ダーティハリー
サンフランシスコ。屋上プールで泳ぐ女性が何者かに狙撃されるという事件が発生した。捜査にあたるのは、いつも汚い仕事をまかされることから“ダーティハリー”なる異名をつけられたハリー・キャラハン刑事。やがて“さそり”と名乗る犯人から「十万ドルを渡さなければ市民を殺し続ける」という脅迫が届いた。予告通り、次々に無差別殺人を繰り返す“さそり”だったが、ハリーと相棒のチコはついに犯人の正体に迫る……。

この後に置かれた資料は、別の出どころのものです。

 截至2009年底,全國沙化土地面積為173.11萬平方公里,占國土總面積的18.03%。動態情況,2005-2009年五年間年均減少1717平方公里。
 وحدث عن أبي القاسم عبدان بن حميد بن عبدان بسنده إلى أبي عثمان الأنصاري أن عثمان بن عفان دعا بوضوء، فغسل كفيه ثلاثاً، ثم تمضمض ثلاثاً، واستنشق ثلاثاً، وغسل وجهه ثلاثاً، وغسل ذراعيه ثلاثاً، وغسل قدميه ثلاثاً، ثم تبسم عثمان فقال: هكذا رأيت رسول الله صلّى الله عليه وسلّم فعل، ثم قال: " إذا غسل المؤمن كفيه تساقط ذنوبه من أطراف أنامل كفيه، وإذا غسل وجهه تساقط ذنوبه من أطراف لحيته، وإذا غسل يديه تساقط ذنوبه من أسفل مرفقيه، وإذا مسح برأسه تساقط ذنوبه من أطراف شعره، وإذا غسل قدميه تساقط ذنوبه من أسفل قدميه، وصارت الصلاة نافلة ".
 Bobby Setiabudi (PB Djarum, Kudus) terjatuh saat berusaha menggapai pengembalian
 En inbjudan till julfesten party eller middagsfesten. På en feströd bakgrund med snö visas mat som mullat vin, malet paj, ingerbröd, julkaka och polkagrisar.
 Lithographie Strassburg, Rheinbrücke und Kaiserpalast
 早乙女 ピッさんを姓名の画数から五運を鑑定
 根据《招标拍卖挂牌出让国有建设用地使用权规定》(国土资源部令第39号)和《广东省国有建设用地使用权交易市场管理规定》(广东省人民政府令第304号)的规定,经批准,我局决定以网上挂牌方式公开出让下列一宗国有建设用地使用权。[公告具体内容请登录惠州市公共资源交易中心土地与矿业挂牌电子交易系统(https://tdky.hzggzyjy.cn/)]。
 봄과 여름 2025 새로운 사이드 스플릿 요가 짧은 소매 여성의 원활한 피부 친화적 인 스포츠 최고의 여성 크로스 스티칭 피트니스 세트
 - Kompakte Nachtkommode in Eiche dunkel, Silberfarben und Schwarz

「アクション・ヒーロー型映画」の原型となった名作であり、また後のクリント・ イーストウッド自身の監督作品の原型ともなっていると思われる。 説明的な場面、セリフなど省略されておりシンプルな展開である。 主人公の行動を端的に描写することで、行動スタイルを表現しているが、説明がない分ダイレ クトに見る側に伝わってくる。 無駄を省いた構成で、主題である主人公の非情かつ大胆なキャラクターを浮かびあがらせている。 映画が開始されて早々に、銀行強盗の現場に居合わせたハリーを描く。 ハリーは、迷うことなく44マグナムの大きな拳銃をぶっ放す。 組織内のしきたり、ルールにとらわれることなく、自分の行動哲学に従うのだ。 相棒であるチコとの対比でもハリーの行動信条が表現される。チコはハリーに協力的であるが、捜査の中で負傷し、妻の頼みで警察を辞め、教師へと転職してしまう。 常識的な相棒を配することでハリーの規格外のキャラクターを浮きだたせている。 1971年の作品であり、1930年生まれのクリント・イーストウッドは40歳くらい。 ドン・シーゲル監督とタッグを組んでの制作であるが、後の監督作品にも影響を与えているだろう。 無駄がなく削ぎ落された武骨なストーリーの美学が見てとれる。